START DATA FOR ANALYSIS

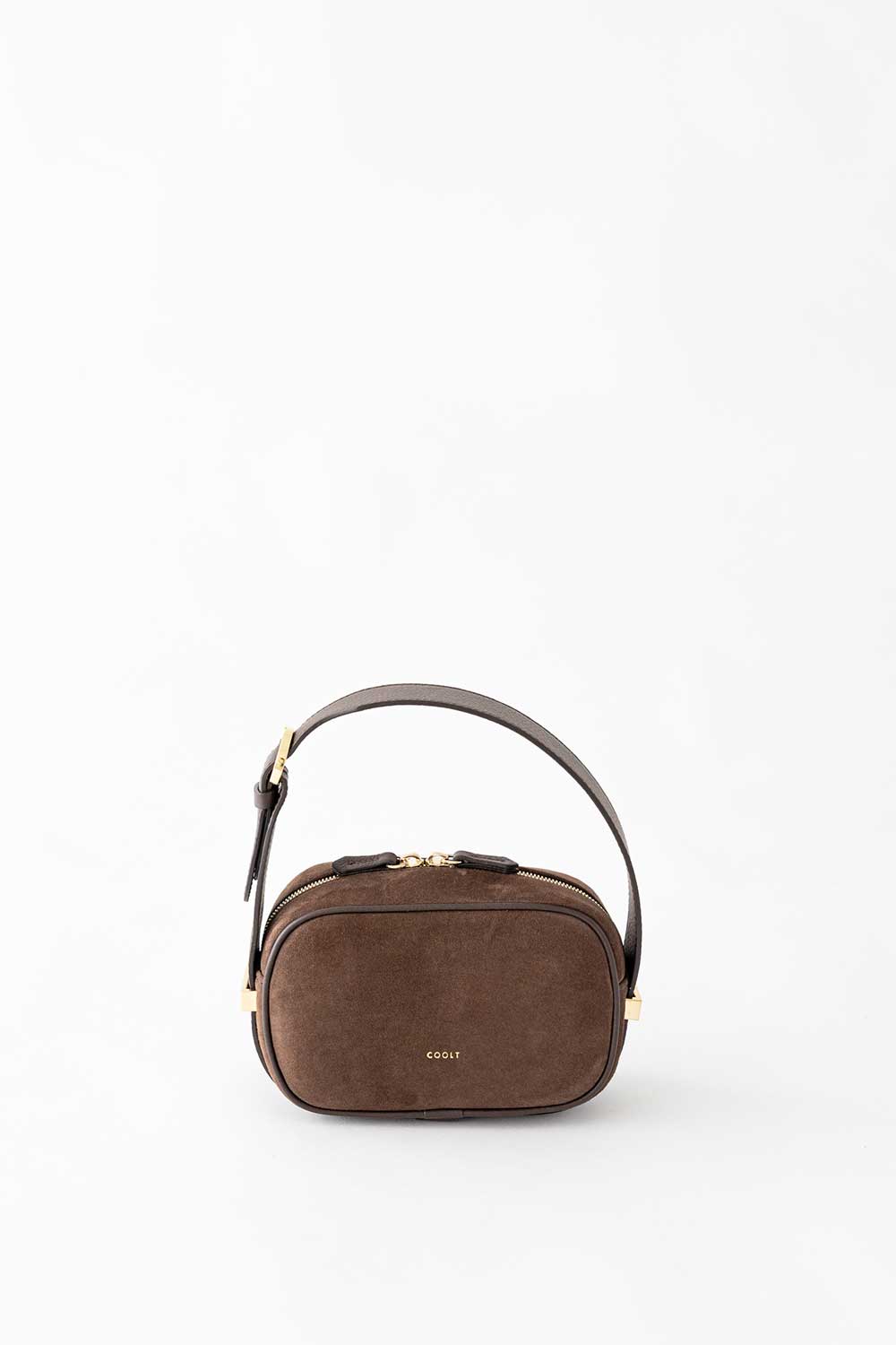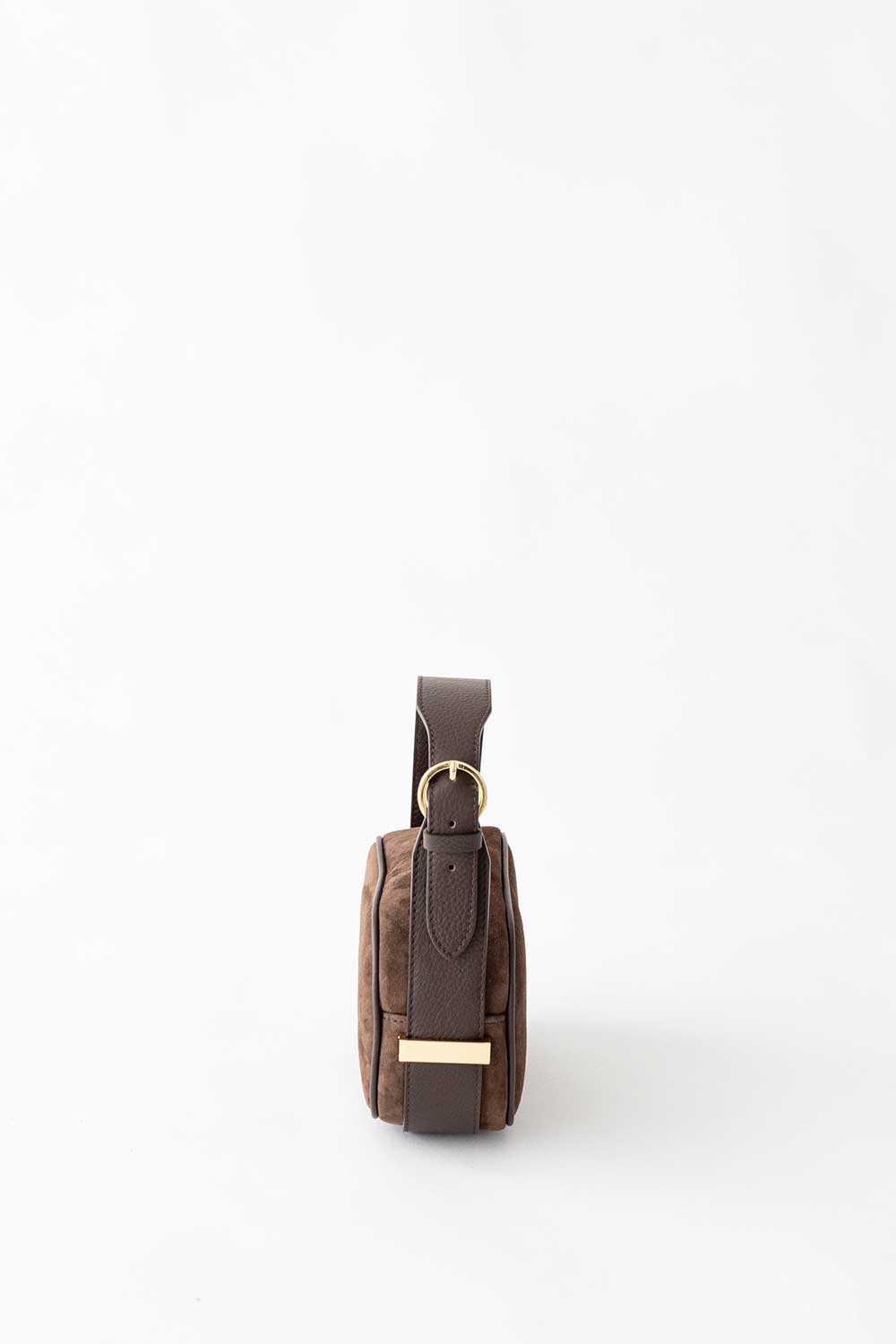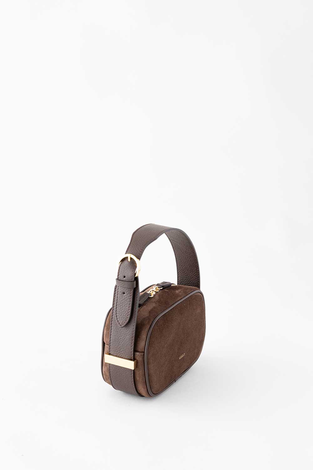 Mini handle bag in Suede Leather Cacao and testa di moro Leather.
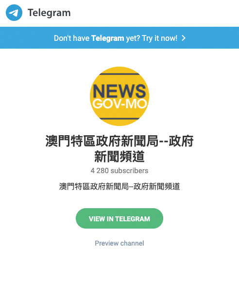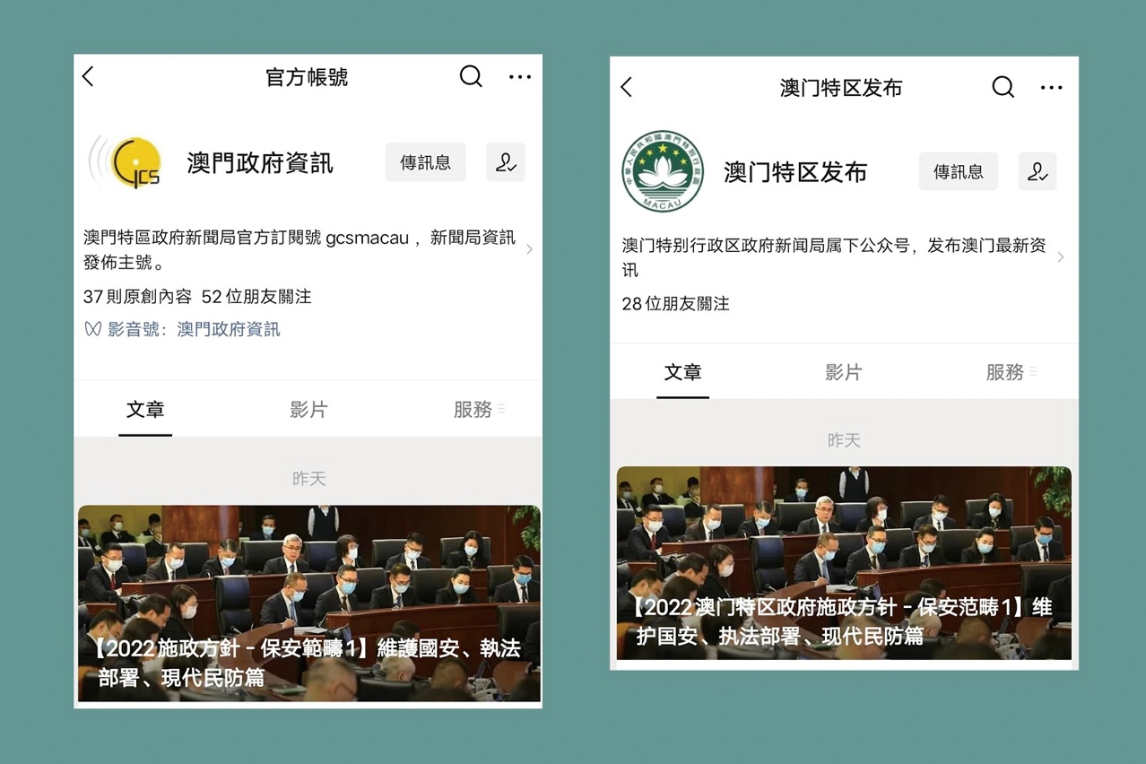 新闻局有系统地在新媒体平台发放讯息,始于2015年起,局方先后开设了微信公众号、Facebook帐号,之后相继加入微博、今日头条号、YouTube等新媒体平台,以不同的形式发放特区政府的权威讯息。2020年2月,为方便海外澳门市民接收特区防疫讯息,还推出了Telegram政府新闻频道。今年2月,开通微信影音号,让特区讯息更快更准地传送到世界不同角落。
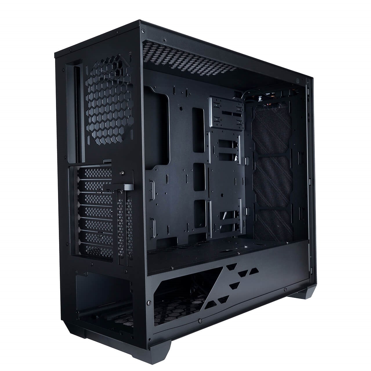ケースファンはフロントとトップ、リアに最大6基、ラジエーターはフロントに360mm、リアに120mmを搭載可能なので、さまざまな冷却システムを構築できます。また、効率的なエアーフローを実現するため、フロント側面には吸気口を設けています。
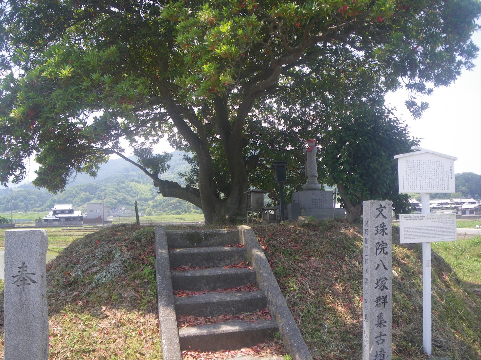 道を進むと、道脇に塚があり塚の上には木が茂る。塚の前には「文殊院八塚群集古墳」と刻まれた石塔と案内。「ここから西方の松山平野の南丘陵部には、土壇原(どんだばら)、西野、大下田南、釈迦面山等の古墳群が数多くあり、八ツ塚はそれらに続く平野部に位置する八基の群集古墳である。
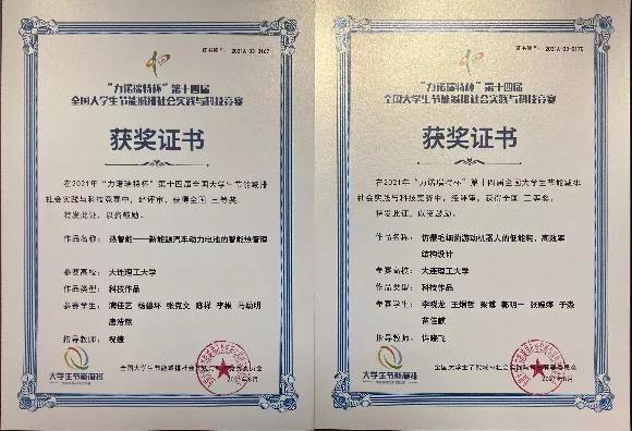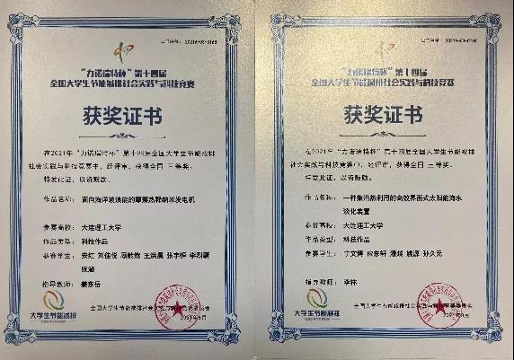 此外,由能源与动力学院祝捷副教授指导,能源与动力学院学生满佳艺、杨碧环、张克文、马幼明、陈祥、唐浩然、李根团队完成的作品——《热智能——新能源汽车动力电池的智能热管理》;由能源与动力学院姜东岳副教授指导,能源与动力学院学生安红、王洪晨、顾龄然、刘佳悦、李烈蔚、张宇恒、张涵团队完成的作品——《面向海洋波浪能的摩擦热释纳米发电机》;由能源与动力学院李林副教授指导,能源与动力学院学生宁文博、孙久元、潘燚、姚源、应东轩团队完成的作品——《一种集潜热利用的高效界面式太阳能海水淡化装置》;由化工学院许晓飞副教授指导,化工学院学生李晓龙、电子信息与电气工程学部学生张婉婷、郭明一、罗志宏,化工学院学生王炯哲、梁博,建设工程学部学生王泽豪团队完成的作品——《仿鞭毛细菌游动机器人的低能耗、高效率结构设计》共四项作品获得三等奖。
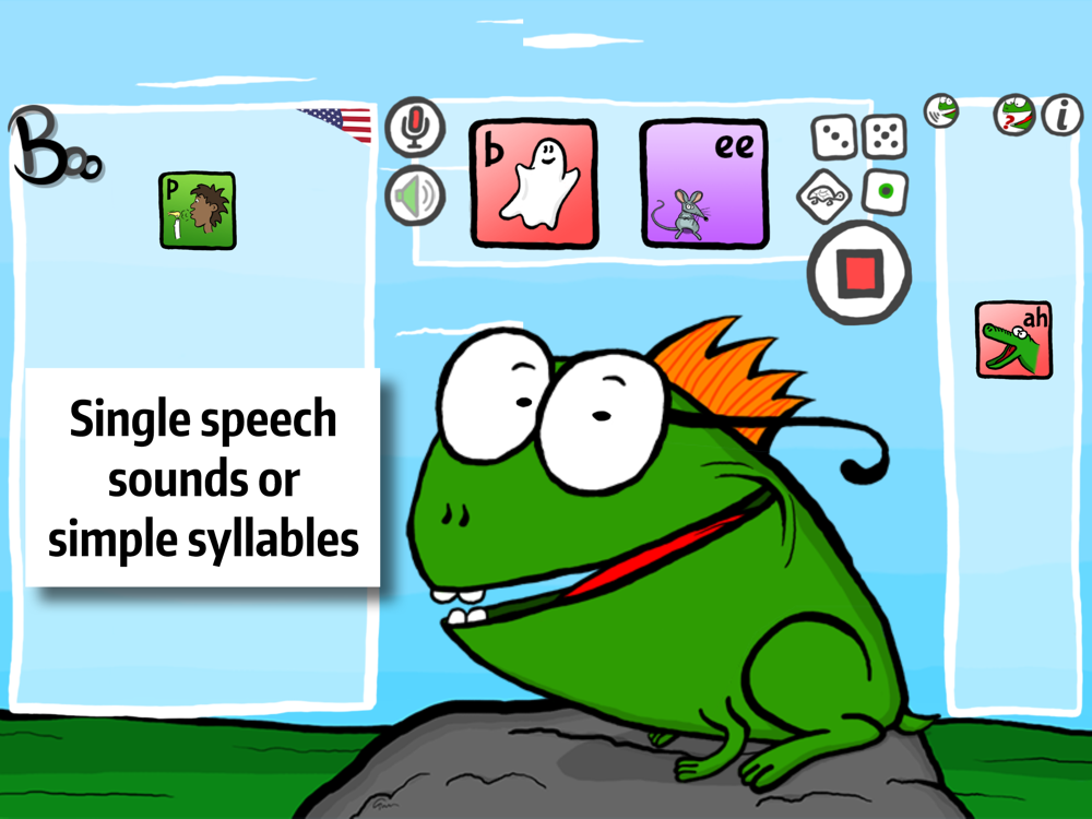 Boo helps children practice speech sounds that they need to improve. He is designed to entice spontaneous repetition of individual speech sounds and simple syllables. At the same time, he enforces helpful phonological awareness, by showing what actions happen in the mouth during articulation.
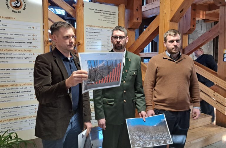 Zľava minister životného prostredia Tomáš Taraba s grafom znázorňujúcim manažment kalamity na území Tatranského národného parku, riaditeľ Správy TANAPu Peter Olexa a štátny tajomník Ministerstva životného prostredia SR Filip Kuffa pred tlačovým brífingom k zonácii Tatranského národného parku (TANAP) v sídle Správy Tatranského národného parku v Tatranskej Lomnici. Tatranská Lomnica, 9. január 2023. Foto: SITA/Mária Frisová.
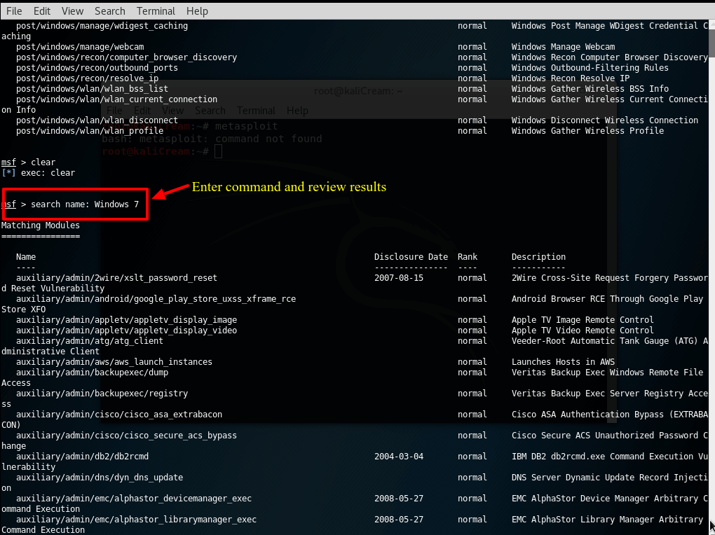 Step 3) Now, try to narrow down the list with this command: search name: Windows 7, this command searches the exploits which specifically include windows 7, for the purpose of this example we will try to exploit a Windows 7 Machine. Depending on your environment, you will have to change the search parameters to meet your criteria. For example, if you have Mac or another Linux machine, you will have to change the search parameter to match that machine type.

END DATA FOR ANALYSIS

→ REQUIREMENT:
Excluding the pictures, output every entry above without alteration.

→ RESPONSE TO THE EXERCISE:
 Mini handle bag in Suede Leather Cacao and testa di moro Leather.
 新闻局有系统地在新媒体平台发放讯息,始于2015年起,局方先后开设了微信公众号、Facebook帐号,之后相继加入微博、今日头条号、YouTube等新媒体平台,以不同的形式发放特区政府的权威讯息。2020年2月,为方便海外澳门市民接收特区防疫讯息,还推出了Telegram政府新闻频道。今年2月,开通微信影音号,让特区讯息更快更准地传送到世界不同角落。
ケースファンはフロントとトップ、リアに最大6基、ラジエーターはフロントに360mm、リアに120mmを搭載可能なので、さまざまな冷却システムを構築できます。また、効率的なエアーフローを実現するため、フロント側面には吸気口を設けています。
 道を進むと、道脇に塚があり塚の上には木が茂る。塚の前には「文殊院八塚群集古墳」と刻まれた石塔と案内。「ここから西方の松山平野の南丘陵部には、土壇原(どんだばら)、西野、大下田南、釈迦面山等の古墳群が数多くあり、八ツ塚はそれらに続く平野部に位置する八基の群集古墳である。
 此外,由能源与动力学院祝捷副教授指导,能源与动力学院学生满佳艺、杨碧环、张克文、马幼明、陈祥、唐浩然、李根团队完成的作品——《热智能——新能源汽车动力电池的智能热管理》;由能源与动力学院姜东岳副教授指导,能源与动力学院学生安红、王洪晨、顾龄然、刘佳悦、李烈蔚、张宇恒、张涵团队完成的作品——《面向海洋波浪能的摩擦热释纳米发电机》;由能源与动力学院李林副教授指导,能源与动力学院学生宁文博、孙久元、潘燚、姚源、应东轩团队完成的作品——《一种集潜热利用的高效界面式太阳能海水淡化装置》;由化工学院许晓飞副教授指导,化工学院学生李晓龙、电子信息与电气工程学部学生张婉婷、郭明一、罗志宏,化工学院学生王炯哲、梁博,建设工程学部学生王泽豪团队完成的作品——《仿鞭毛细菌游动机器人的低能耗、高效率结构设计》共四项作品获得三等奖。
 Boo helps children practice speech sounds that they need to improve. He is designed to entice spontaneous repetition of individual speech sounds and simple syllables. At the same time, he enforces helpful phonological awareness, by showing what actions happen in the mouth during articulation.
 Zľava minister životného prostredia Tomáš Taraba s grafom znázorňujúcim manažment kalamity na území Tatranského národného parku, riaditeľ Správy TANAPu Peter Olexa a štátny tajomník Ministerstva životného prostredia SR Filip Kuffa pred tlačovým brífingom k zonácii Tatranského národného parku (TANAP) v sídle Správy Tatranského národného parku v Tatranskej Lomnici. Tatranská Lomnica, 9. január 2023. Foto: SITA/Mária Frisová.
 Step 3) Now, try to narrow down the list with this command: search name: Windows 7, this command searches the exploits which specifically include windows 7, for the purpose of this example we will try to exploit a Windows 7 Machine. Depending on your environment, you will have to change the search parameters to meet your criteria. For example, if you have Mac or another Linux machine, you will have to change the search parameter to match that machine type.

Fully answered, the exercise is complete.